Type
- Type: Unicameral

History
- Founded: 1960
- Seats: 171 members

Elections
- Voting system: Proportional representation
- Last election: 27 December 2020
- Next election: 2030

Meeting place
- The National Assembly Building, Niamey

Website
- www.assemblee.ne

= National Assembly (Niger) =

Legislative body of Niger

The unicameral National Assembly (Assemblée nationale) was Niger's elected legislative body. The National Assembly proposed laws and was required to approve all legislation.

It was suspended following the 2023 Nigerien coup d'état by the military junta.
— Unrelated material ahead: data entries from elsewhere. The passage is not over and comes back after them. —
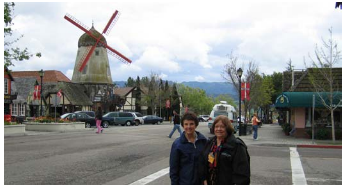
We had lunch and shopped in Solvang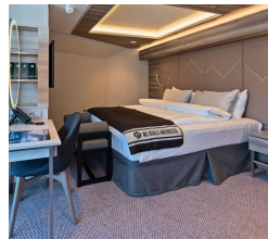
Polar Outside. From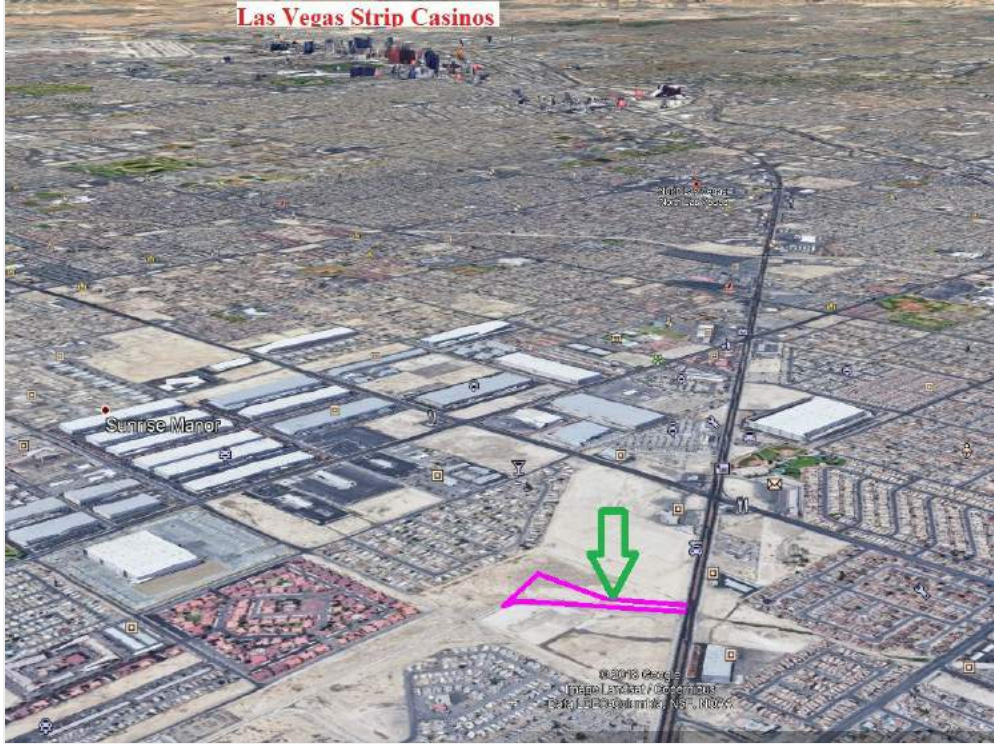
Google Earth Looking At Strip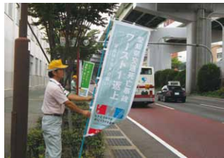
Campaign at Nagoya Plant

As a company engaged in the auto industry, we are socially responsible for ensuring traffic safety. We conduct a traffic safety campaign on a regular basis, in which we use signboards and banners and call out to pedestrians on the street, including local citizens and our employees, to raise the level of their attitude toward traffic safety.

A new legislative body Transitional Advisory Council was appointed by the military junta in July 2025 for a period of five years.

==Legislative history==
Territorial Assembly was established in 1958 in the Colony of Niger. It was succeeded by National Assembly upon independence in 1960. It had 60 deputies from a single party, Parti Progressiste Nigérien (PPN-RDA), and had no real decision-making power. The National Assembly was dissolved after the 1974 Nigerien coup d'état.

During the course of military rule (1974–1991) a consultative body (the High Council of the Republic of Niger) was reformed to become analogous to a National Assembly. This functioned as a caretaker National Assembly during the Constitutional Convention period of the Second Republic (1991–1993).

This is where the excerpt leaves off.